Before releasing the film, the producers announced that 15 percent of the profit from Senti Virus would be donated to the construction of Gautam Buddha International Cricket Stadium. The project to build the first ICC standard stadium in the country was started by the Dhurmus Suntali Foundation. Screenings of the film were planned in Europe, America, and South Korea after its release in Nepal. Senti Virus was released on 21 February 2020 in Nepal, on the occasion of Maha Shivaratri.

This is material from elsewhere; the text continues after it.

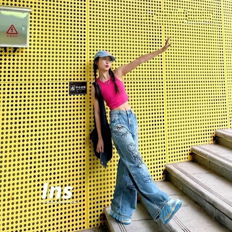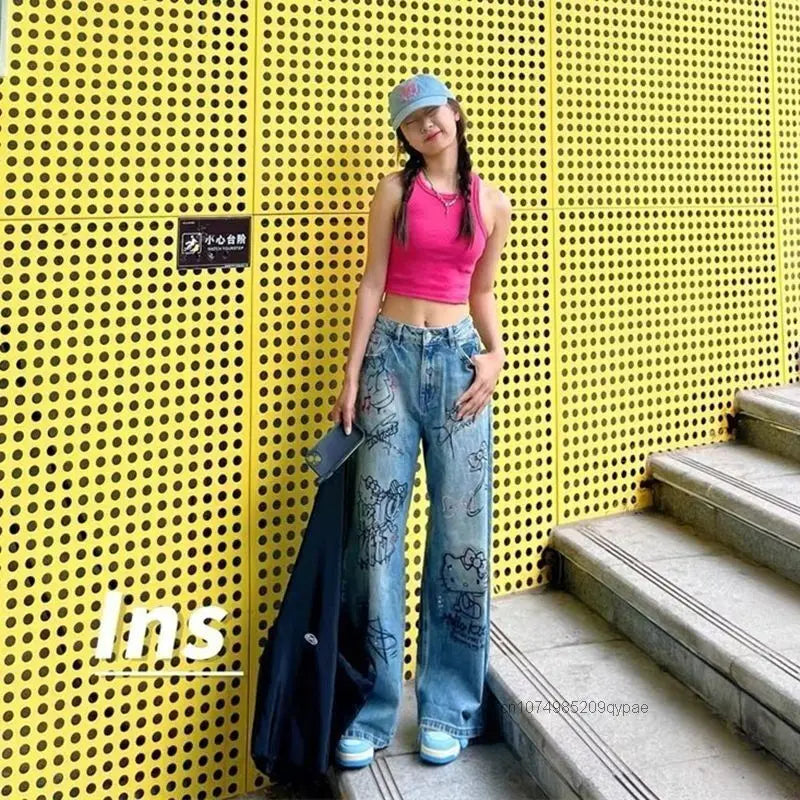 These Hello Kitty Graffiti Jeans are designed to make you stand out. Featuring a unique American retro style with playful Hello Kitty graphics, these jeans provide a perfect blend of comfort and fashion. They are tailored to fit loosely, ensuring you stay cool and comfortable during the summer.

The film was released alongside four films, including Aama, The Call of the Wild, Shubh Mangal Zyada Saavdhan, and Bhoot – Part One: The Haunted Ship. The international distribution rights of the film were sold to NepCine for 11.5 million NPR.

Senti Virus was pulled from cinema halls after three weeks of screening due to the COVID-19 pandemic in Nepal. The Rising Nepal described the film as "probably the biggest victim of COVID-19". Sitaram Kattel said that the COVID-19 pandemic had shattered his plans, saying, "I am now in tension; my plans have been ruined [...] When my film failed to survive even three weeks in local theatres, and all doors to release it abroad have been shut down, I have come to Chitwan to cope with the tension".

==Box office==
The budget of the film was 28.4 million NPR. Senti Virus grossed 11.2 million NPR on its opening day. As of June 2020, it had made total earnings of 40.8 million NPR.

==Reception==
Rupak Risal of Moviemandu said that the film left many questions unanswered, writing, "When you come out of the theatre, it feels like a huge chunk of [the] movie is left somewhere in the editing room as the botched up conclusion is so abrupt". Reena Moktan of Kantipur wrote that the climax of the film is very weak. Anil Yadav of Saptahik assumed that the director Ram Babu Gurung made the film only to earn money. The staff of Onlinekhabar praised the acting of the lead actors. Shukrabar asserted that Senti Virus is the weakest film of Ram Babu Gurung's career.